Key nutrients: Cooked vegetables, bone broth, fermented foods (when tolerated), omega-3 rich fish, and soluble fiber sources. Gut health is central to IBD management. For targeted strategies, read our guide on anti-inflammatory foods for gut health.

Psoriasis

What helps: The MEDIPSO randomized clinical trial demonstrated that a 16-week Mediterranean diet intervention significantly improved psoriasis severity in patients with mild to moderate disease receiving stable topical therapy (Barrea et al., 2025). The anti-inflammatory and antioxidant properties of Mediterranean diet staples, particularly extra-virgin olive oil, fatty fish, and colorful produce, appear to reduce the systemic inflammation that drives psoriatic plaques.

Weight management is also critical. Obesity is both a risk factor for psoriasis and an aggravating factor for existing disease. Adipose tissue produces pro-inflammatory cytokines (particularly TNF-alpha and IL-6) that directly worsen psoriatic inflammation. Clinical studies consistently show that weight loss of even 5 to 10 percent of body weight can improve psoriasis severity scores.

What to avoid: Alcohol (a well-documented psoriasis trigger), gluten (in patients who test positive for anti-gliadin antibodies), and high-glycemic processed foods. Excess sugar promotes insulin resistance, which amplifies inflammatory signaling.

Key nutrients: Fatty fish, colorful vegetables and fruits rich in beta-carotene and vitamin C, extra-virgin olive oil, and turmeric. Vitamin D supplementation may also help, as many psoriasis patients are deficient.

Hashimoto's Thyroiditis

What helps: Hashimoto's is the most common autoimmune disease worldwide, and nutritional factors play a well-documented role. Selenium is essential for thyroid hormone metabolism, and supplementation has been studied in multiple trials. One clinical trial found that combining a gluten-free diet with 200 micrograms of selenium supplementation was more effective than selenium alone, with 74% of patients in the combination group achieving normal thyroid function and more significant reductions in thyroid antibodies (a 49% decrease in TPO antibodies versus 34% with selenium alone).

A 2025 review in Nutrients found that the Mediterranean diet offers dual benefits for both rheumatic and thyroid autoimmune diseases, with anti-inflammatory nutrients like extra-virgin olive oil and omega-3 rich fish helping manage thyroid autoimmunity alongside joint inflammation.
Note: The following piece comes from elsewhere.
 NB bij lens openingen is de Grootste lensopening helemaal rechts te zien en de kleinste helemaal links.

What to avoid: The evidence on gluten elimination for Hashimoto's patients without celiac disease remains mixed. A meta-analysis found that a gluten-free diet decreased anti-thyroglobulin antibodies but increased anti-TPO levels, with very low certainty of evidence overall (Frontiers in Endocrinology, 2023). The current consensus is that gluten elimination is clearly beneficial for Hashimoto's patients who also have celiac disease or non-celiac gluten sensitivity, but cannot be broadly recommended for all Hashimoto's patients based on existing data. Excessive iodine intake and highly processed soy products should also be limited.
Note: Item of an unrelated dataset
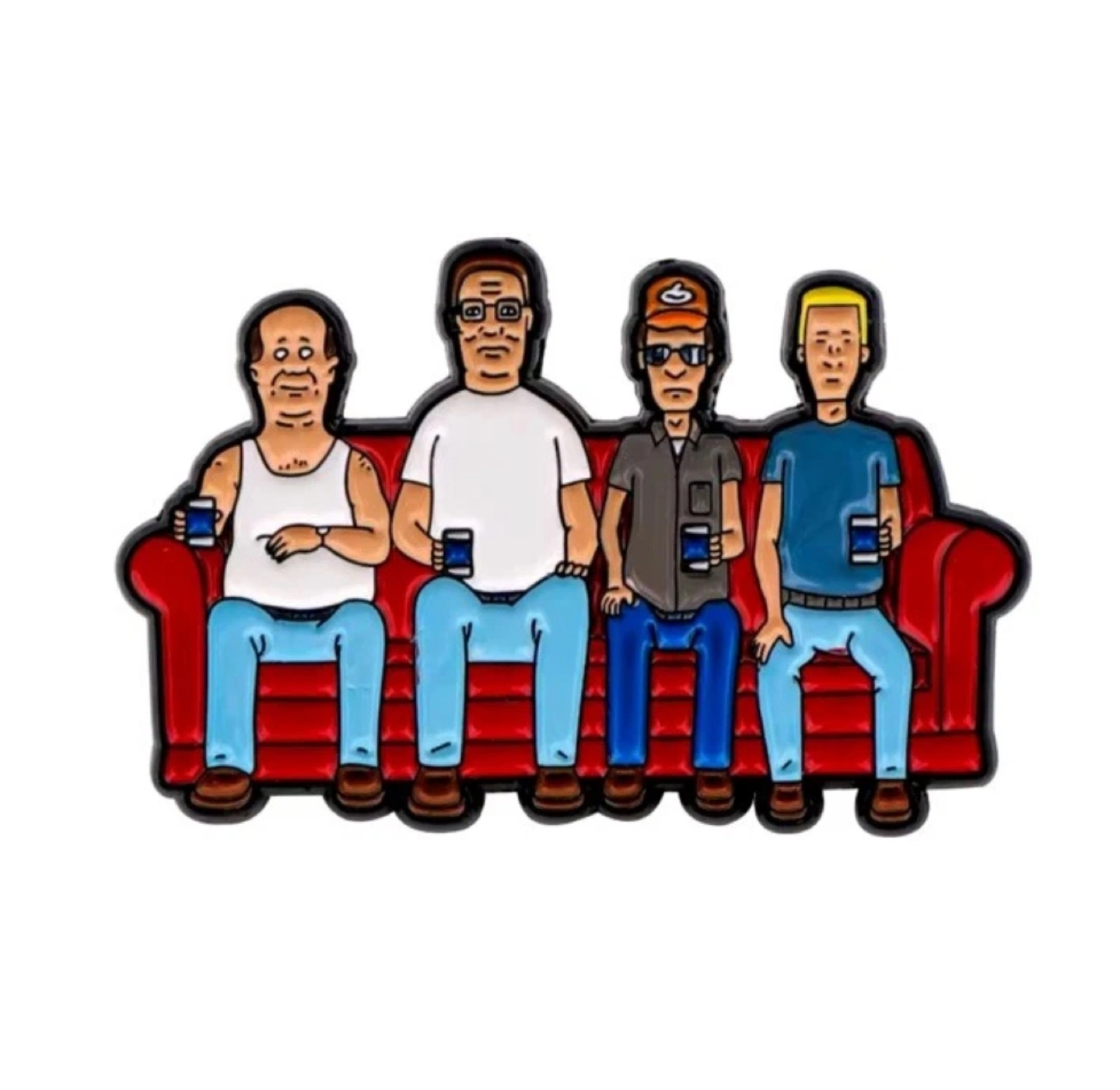 Enamel pin featuring Hank, Dale, Boomhauer, and Bill from King of the Hill. Collectible pin. Great for fans.

Key nutrients: Brazil nuts (selenium), fatty fish, zinc-rich foods like pumpkin seeds and shellfish, and vitamin D. Iron-rich foods are also important, as Hashimoto's patients frequently develop iron deficiency.

The AIP Protocol Overview

The Autoimmune Protocol is the most structured dietary approach specifically designed for autoimmune conditions. Unlike general anti-inflammatory diets, the AIP systematically identifies individual food triggers through a two-phase process.

Phase 1: Elimination (30 to 90 Days)

During elimination, you remove all foods with the highest potential to provoke immune reactions:

What you eat instead: high-quality meats and fish, vegetables (except nightshades), fruits in moderation, healthy fats like olive oil and avocado, fermented foods, bone broth, and herbs like turmeric, ginger, and basil.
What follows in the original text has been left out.